> _The data_

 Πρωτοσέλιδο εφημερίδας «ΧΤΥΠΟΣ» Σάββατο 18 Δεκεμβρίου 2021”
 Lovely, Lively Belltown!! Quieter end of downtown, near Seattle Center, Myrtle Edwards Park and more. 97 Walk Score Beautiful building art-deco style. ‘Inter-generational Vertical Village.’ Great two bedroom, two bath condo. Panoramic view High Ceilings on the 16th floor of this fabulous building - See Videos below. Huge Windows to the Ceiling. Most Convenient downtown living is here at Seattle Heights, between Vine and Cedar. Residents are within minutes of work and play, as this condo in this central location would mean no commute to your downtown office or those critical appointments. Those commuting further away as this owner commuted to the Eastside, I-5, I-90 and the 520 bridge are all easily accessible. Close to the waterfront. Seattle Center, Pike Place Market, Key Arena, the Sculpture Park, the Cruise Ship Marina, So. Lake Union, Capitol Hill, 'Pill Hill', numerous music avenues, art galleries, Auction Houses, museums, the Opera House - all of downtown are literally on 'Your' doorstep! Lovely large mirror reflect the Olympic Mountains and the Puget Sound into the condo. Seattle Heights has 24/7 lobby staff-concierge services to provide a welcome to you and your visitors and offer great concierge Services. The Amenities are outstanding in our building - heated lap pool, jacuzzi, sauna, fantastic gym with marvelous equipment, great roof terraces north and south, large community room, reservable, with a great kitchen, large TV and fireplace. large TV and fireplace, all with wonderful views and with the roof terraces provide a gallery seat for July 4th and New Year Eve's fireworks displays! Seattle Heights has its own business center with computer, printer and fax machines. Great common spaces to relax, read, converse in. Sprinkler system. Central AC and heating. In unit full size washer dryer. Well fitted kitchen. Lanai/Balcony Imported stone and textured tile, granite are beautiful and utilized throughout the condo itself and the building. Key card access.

==

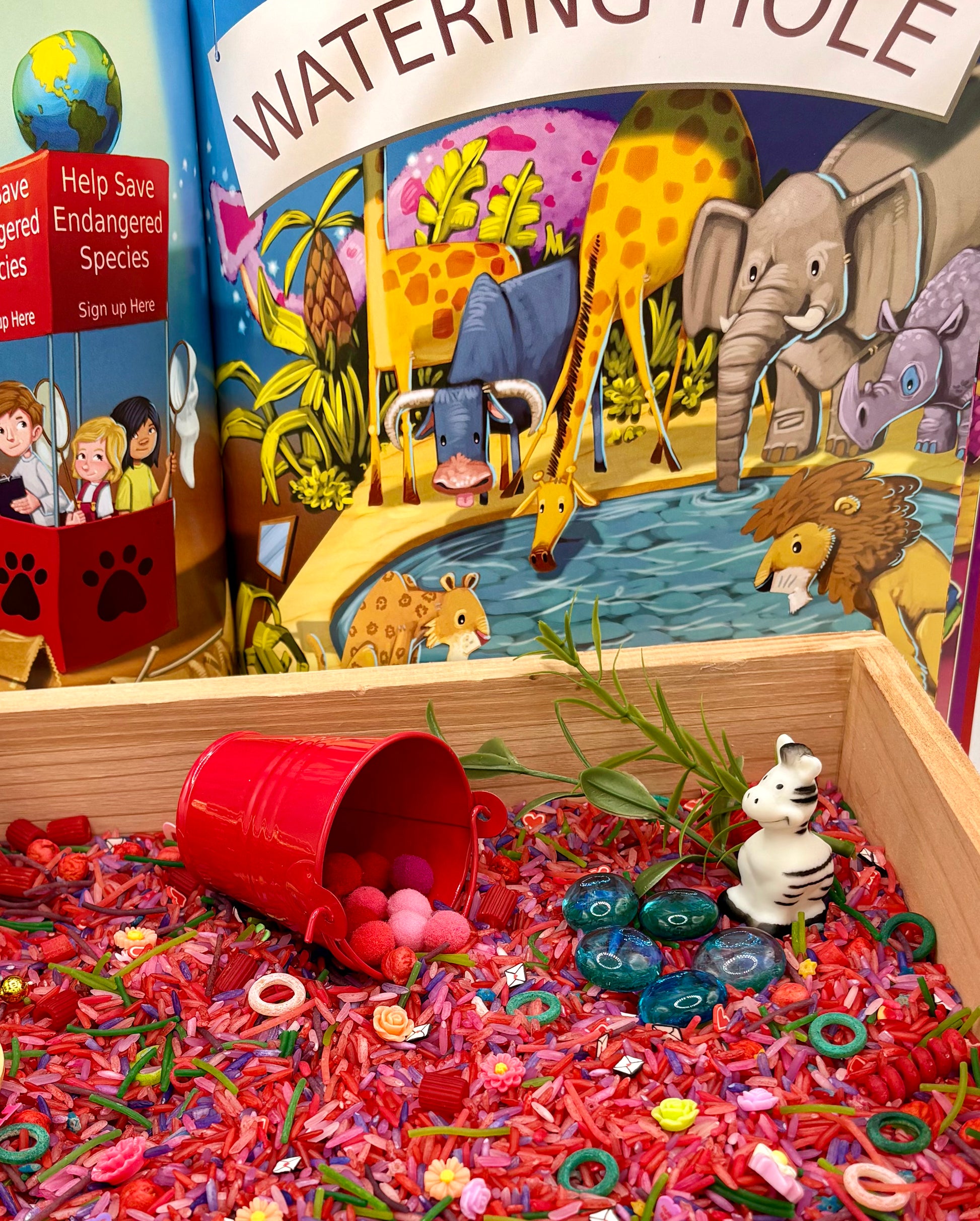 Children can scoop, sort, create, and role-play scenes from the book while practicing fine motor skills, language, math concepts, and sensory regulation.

---

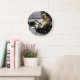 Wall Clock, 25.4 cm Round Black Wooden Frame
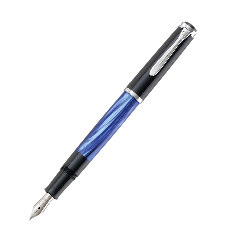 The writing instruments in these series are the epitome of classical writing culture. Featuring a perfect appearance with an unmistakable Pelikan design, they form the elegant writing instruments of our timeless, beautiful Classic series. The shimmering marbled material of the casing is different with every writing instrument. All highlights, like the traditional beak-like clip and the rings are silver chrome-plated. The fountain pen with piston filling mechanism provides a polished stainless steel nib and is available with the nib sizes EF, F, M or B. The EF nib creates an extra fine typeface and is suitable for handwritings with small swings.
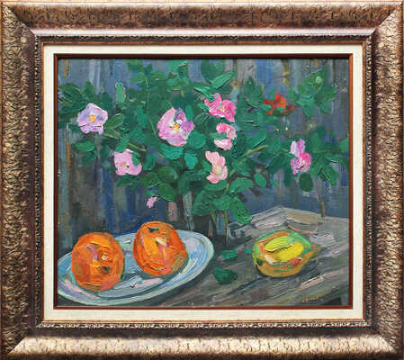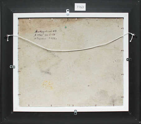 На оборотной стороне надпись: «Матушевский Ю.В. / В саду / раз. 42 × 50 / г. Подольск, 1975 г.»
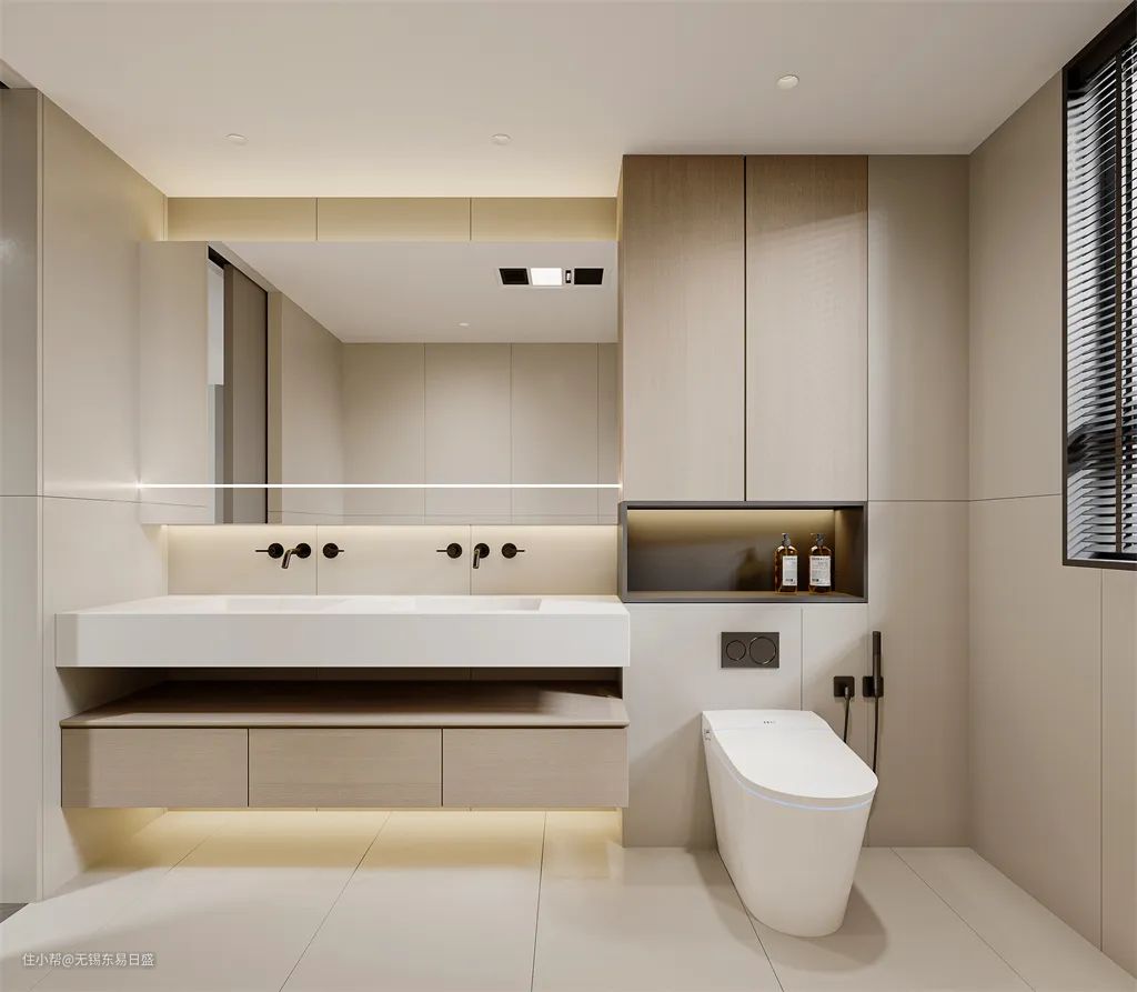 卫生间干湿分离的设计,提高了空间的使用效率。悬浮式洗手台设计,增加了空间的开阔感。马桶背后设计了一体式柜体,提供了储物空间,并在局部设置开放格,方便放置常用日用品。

> _Activity_
Reproduce verbatim only the segment of the listing bounded by the line containing "Σάββατο 18 Δεκεμβρίου" and the line containing "Lovely, Lively Belltown!!", with both boundary lines included.

> _Answer to this problem_
 Πρωτοσέλιδο εφημερίδας «ΧΤΥΠΟΣ» Σάββατο 18 Δεκεμβρίου 2021”
 Lovely, Lively Belltown!! Quieter end of downtown, near Seattle Center, Myrtle Edwards Park and more. 97 Walk Score Beautiful building art-deco style. ‘Inter-generational Vertical Village.’ Great two bedroom, two bath condo. Panoramic view High Ceilings on the 16th floor of this fabulous building - See Videos below. Huge Windows to the Ceiling. Most Convenient downtown living is here at Seattle Heights, between Vine and Cedar. Residents are within minutes of work and play, as this condo in this central location would mean no commute to your downtown office or those critical appointments. Those commuting further away as this owner commuted to the Eastside, I-5, I-90 and the 520 bridge are all easily accessible. Close to the waterfront. Seattle Center, Pike Place Market, Key Arena, the Sculpture Park, the Cruise Ship Marina, So. Lake Union, Capitol Hill, 'Pill Hill', numerous music avenues, art galleries, Auction Houses, museums, the Opera House - all of downtown are literally on 'Your' doorstep! Lovely large mirror reflect the Olympic Mountains and the Puget Sound into the condo. Seattle Heights has 24/7 lobby staff-concierge services to provide a welcome to you and your visitors and offer great concierge Services. The Amenities are outstanding in our building - heated lap pool, jacuzzi, sauna, fantastic gym with marvelous equipment, great roof terraces north and south, large community room, reservable, with a great kitchen, large TV and fireplace. large TV and fireplace, all with wonderful views and with the roof terraces provide a gallery seat for July 4th and New Year Eve's fireworks displays! Seattle Heights has its own business center with computer, printer and fax machines. Great common spaces to relax, read, converse in. Sprinkler system. Central AC and heating. In unit full size washer dryer. Well fitted kitchen. Lanai/Balcony Imported stone and textured tile, granite are beautiful and utilized throughout the condo itself and the building. Key card access.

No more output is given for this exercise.